When you are working as a freelancer, the chances of you overworking yourself can be quite high. Recently, I have worked myself up to a point where I am already feeling sick with fatigue for working long hours.
I used to have this thing about working overtime at home but I seem to have lost grasp of that. My husband and I set our minds to achieve a financial goal in a couple of years and I am obsessively driven to reach that target.
Admittedly, this is probably not a healthy arrangement for me. This compulsion to achieve our goal has the right intentions but I have to control it to keep from abusing myself. I have to keep my strength to take care of my son – which was and still is the reason why I started writing from home.
This is proving to be quite a difficult dilemma for me. But, like everything else, I need to know my limits. So here are a couple of things that I remind myself so I can keep me from being too overworked.
- I think about my priorities. Again, I need to touch base with my reason for staying at home – which as I mentioned, is my son. Oftentimes I find myself rushing my son so that I can go back to work – which is me being a bad mom. I usually have to reprimand myself when I am putting my work ahead of my son.

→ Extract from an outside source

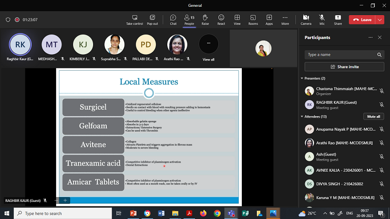 The Department of Pediatric and Preventive Dentistry, Manipal College of Dental Sciences, Mangalore conducted an online lecture session by adjunct faculty, Dr. Raghbir Kaur, Director, Pediatric Dental Services and Associate Director, Pediatric Dental Residency Program at NYU Langone Health, USA, for faculty and post graduate students of the department of Pediatric and Preventive Dentistry. The topic was “Clinical Guidelines for the Management of Bleeding Disorders in Pediatric Dentistry”.This was followed by an interactive question answer session.

- I remind myself that I have an emergency fund. This is the benefit of having an emergency fund – you have the secure feeling that you are financially capable of providing for your family even if you are not earning. This is something that I have to keep on reminding myself from time to time.
- I lose more when I get sick. When I get sick, I can’t work and I need medication. If I take it slow, I get to lose a couple of hours of work. All in all, I lose more when I let myself get too sick to be able to work.
So far, these are the reminders that I use to make myself stop working. People who own their business can probably relate to this – you never really stop thinking about earning more because you are in control of your source of income. But then again, it defeats the purpose of me quitting the corporate rat race so I can slow down.
This is still an on-going process. I can’t say that I have mastered the art of not overworking myself. I’m sure I need to be thankful that I have a happy problem of having too many work coming my way. But then again, I have to think about what it is robbing from me – which is my personal well-being and time away from my son.
I need to re-assess my priorities. Wish me luck!